## SUPPLIED DATA:

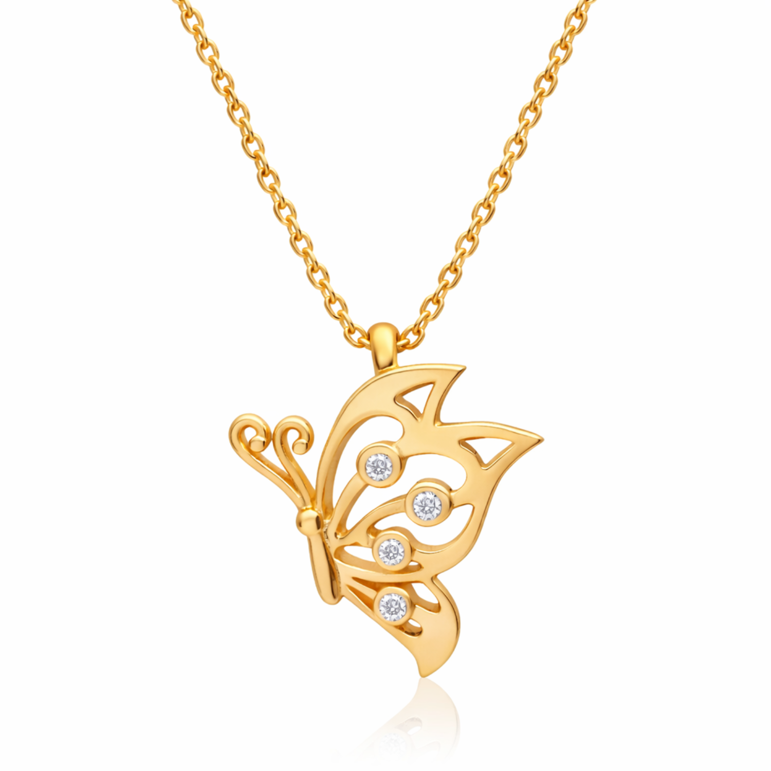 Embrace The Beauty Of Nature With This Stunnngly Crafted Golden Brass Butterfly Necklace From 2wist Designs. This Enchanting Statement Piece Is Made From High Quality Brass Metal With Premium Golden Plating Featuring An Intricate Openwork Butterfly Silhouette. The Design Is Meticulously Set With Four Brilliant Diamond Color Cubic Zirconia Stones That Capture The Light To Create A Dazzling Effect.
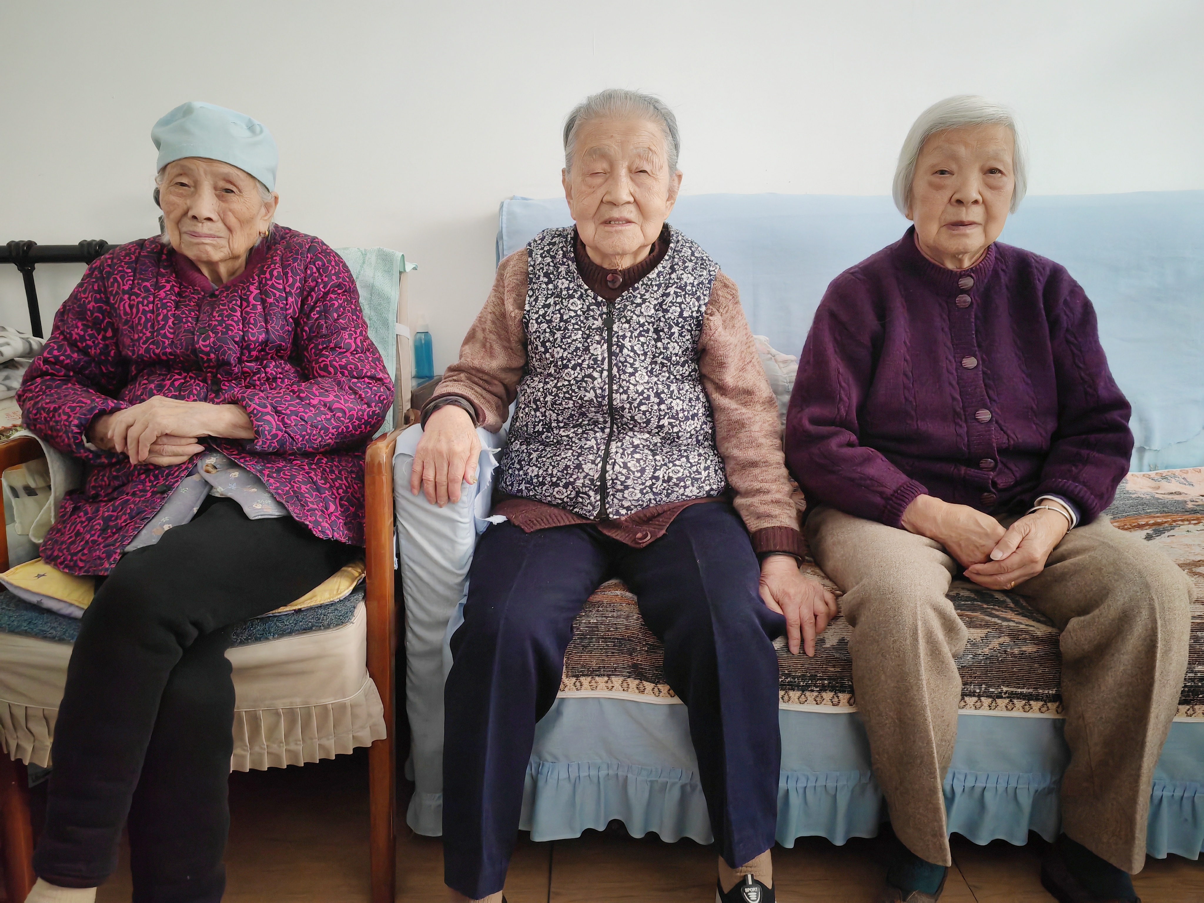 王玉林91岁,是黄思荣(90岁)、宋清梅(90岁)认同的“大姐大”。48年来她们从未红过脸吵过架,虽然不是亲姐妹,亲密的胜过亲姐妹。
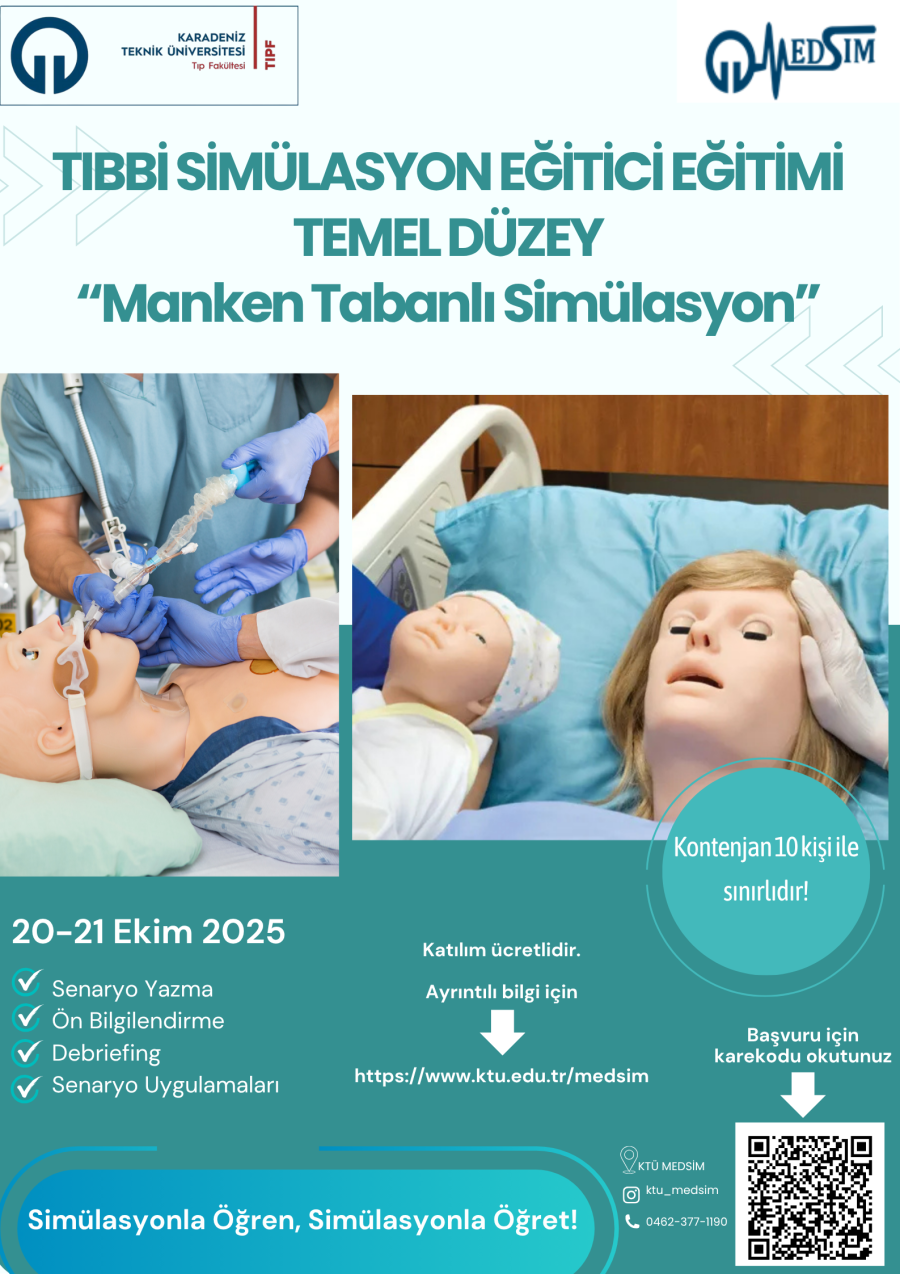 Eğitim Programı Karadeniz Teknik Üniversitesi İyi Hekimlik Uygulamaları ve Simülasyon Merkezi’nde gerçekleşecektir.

## EXERCISE BRIEF:
Every line above should be retyped exactly; the pictures do not belong in the copy.

## PROBLEM SOLUTION:
 Embrace The Beauty Of Nature With This Stunnngly Crafted Golden Brass Butterfly Necklace From 2wist Designs. This Enchanting Statement Piece Is Made From High Quality Brass Metal With Premium Golden Plating Featuring An Intricate Openwork Butterfly Silhouette. The Design Is Meticulously Set With Four Brilliant Diamond Color Cubic Zirconia Stones That Capture The Light To Create A Dazzling Effect.
 王玉林91岁,是黄思荣(90岁)、宋清梅(90岁)认同的“大姐大”。48年来她们从未红过脸吵过架,虽然不是亲姐妹,亲密的胜过亲姐妹。
 Eğitim Programı Karadeniz Teknik Üniversitesi İyi Hekimlik Uygulamaları ve Simülasyon Merkezi’nde gerçekleşecektir.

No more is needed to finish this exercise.